Flink in-cluster sync for Onyx

This guide covers the in-cluster Apache Flink topology shipped in the ClawQL Helm chart for real-time Onyx connector sync. It is the deployment path tracked in #119: deploy Flink next to ClawQL and Onyx, keep networking internal by default, and treat new data sources as connector-job configuration rather than ClawQL server code changes.

What this feature is (and is not)

  • Is: optional Helm-managed Flink control plane + workers (flink.enabled=true) in the same namespace as ClawQL.
  • Is: an execution surface for connector jobs that keep the Onyx index fresh with low sync latency.
  • Is: config-as-code in values.yaml for image, ports, replicas, task slots, resources, and connector env wiring.
  • Is not: a ClawQL MCP tool; this does not change search / execute semantics directly.
  • Is not: public-by-default; the service defaults to ClusterIP, with no ingress generated by the chart.

Topology and traffic model

At a high level:

  1. Connector jobs run in Flink TaskManagers.
  2. Jobs pull from source systems (Slack, Confluence, Drive, Jira, GitHub, email, etc.).
  3. Jobs transform and forward records into Onyx indexing/search APIs.
  4. ClawQL’s optional knowledge_search_onyx MCP tool reads from that continuously refreshed index.

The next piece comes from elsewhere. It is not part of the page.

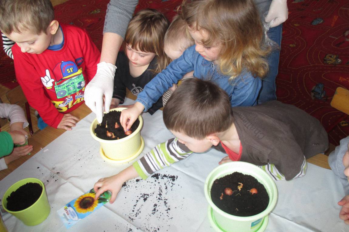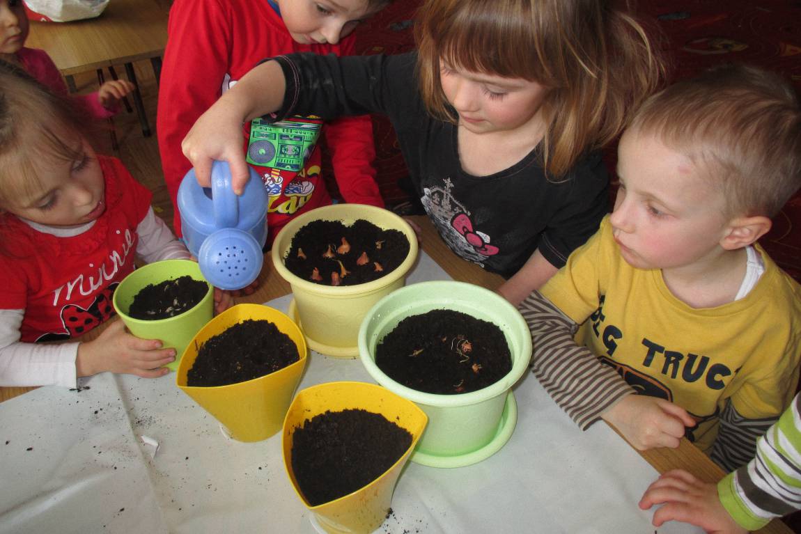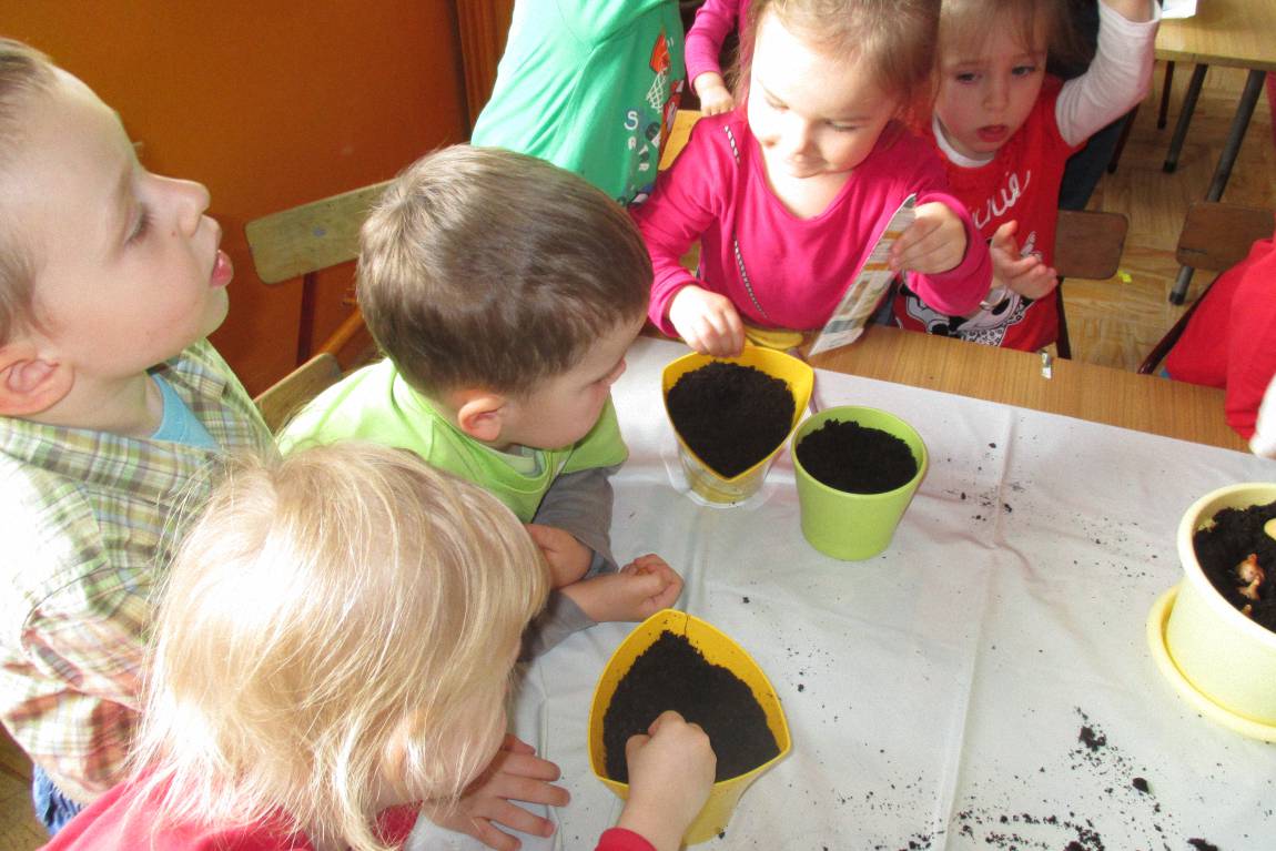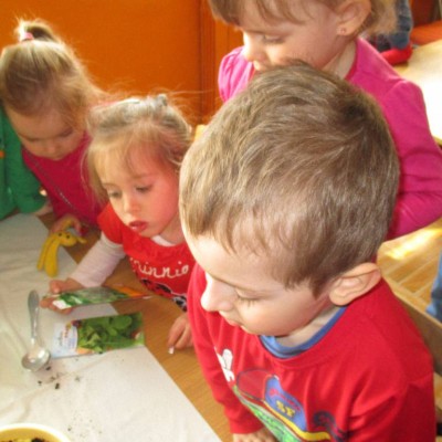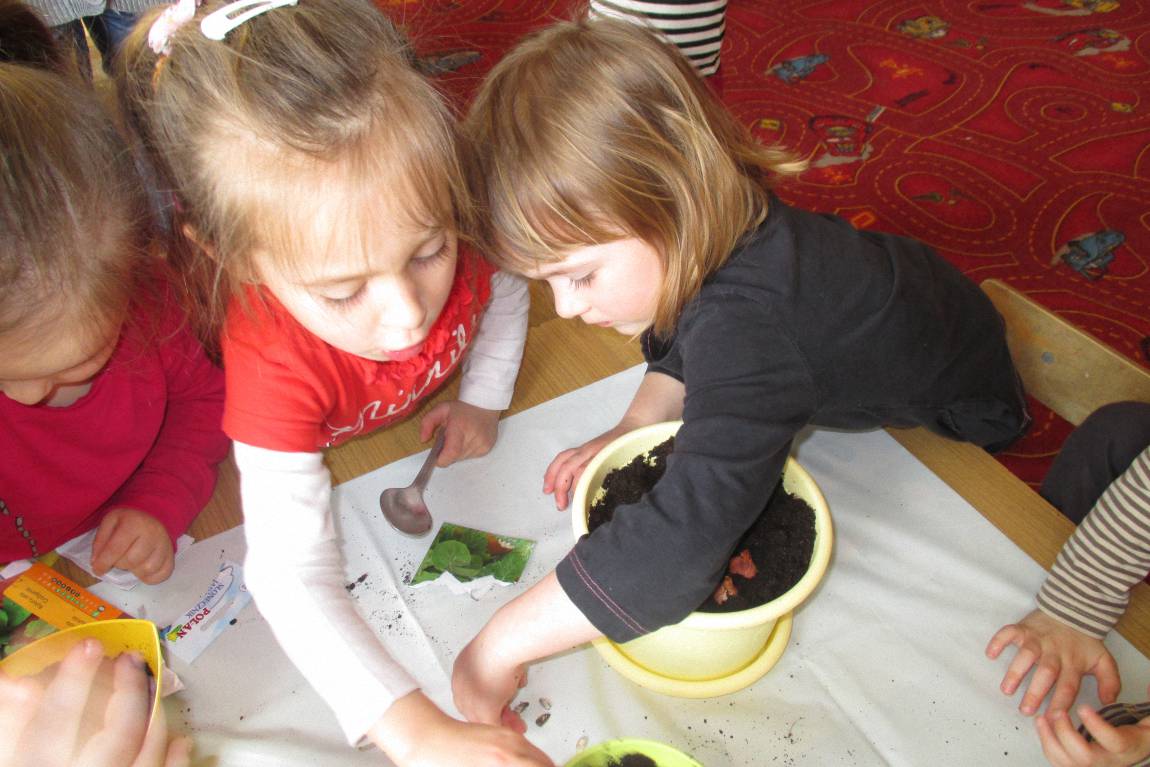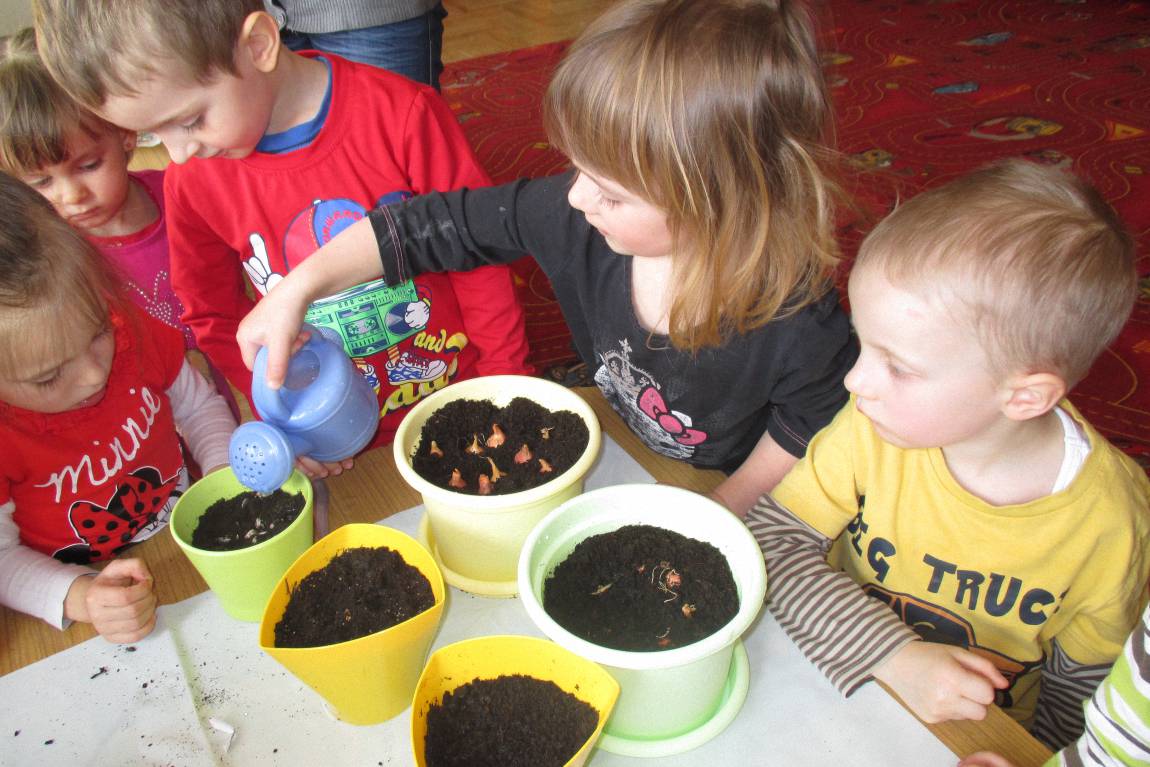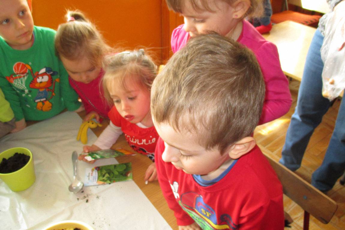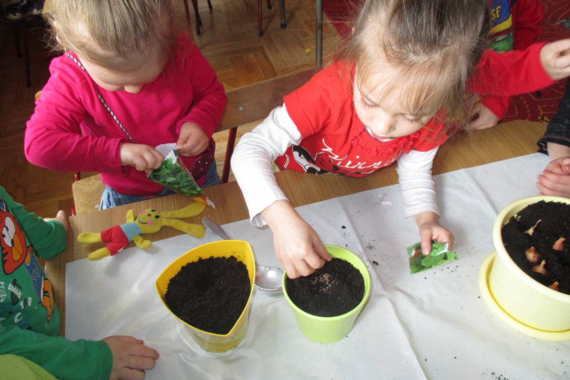 „Pszczółki” witają wiosnę w każdym niemal dniu pobytu w przedszkolu. Dziś wspólnie z wychowawczynią dzieci założyły zielony ogródek na parapecie okiennym. W przygotowanych kolorowych doniczkach posadziły nasionka rukoli, bazylii, majeranku, tymianku, pietruszki naciowej, nasionka słonecznika oraz cebulkę – dymkę. Na wielkanocny stół zamierzają wyhodować ozdobny owiesek i pachnącą rzeżuchę. Wszystkie te roślinki kochają słońce i dobrze znoszą warunki panujące w mieszkaniu, dlatego też dzieci mają nadzieję, że niebawem będą mogły oglądać, a także czuć zapach tych „zielonych gości” w przedszkolnej sali.

Recommended deployment boundaries:

  • Namespace: same namespace as ClawQL for simpler service discovery and shared release lifecycle.
  • Service exposure: keep Flink internal (ClusterIP) unless you have an explicit operator workflow requiring UI exposure.
  • Secrets: place connector credentials in a dedicated secret wired only to Flink (flink.connectorSecret) so they are not inherited by clawql-mcp.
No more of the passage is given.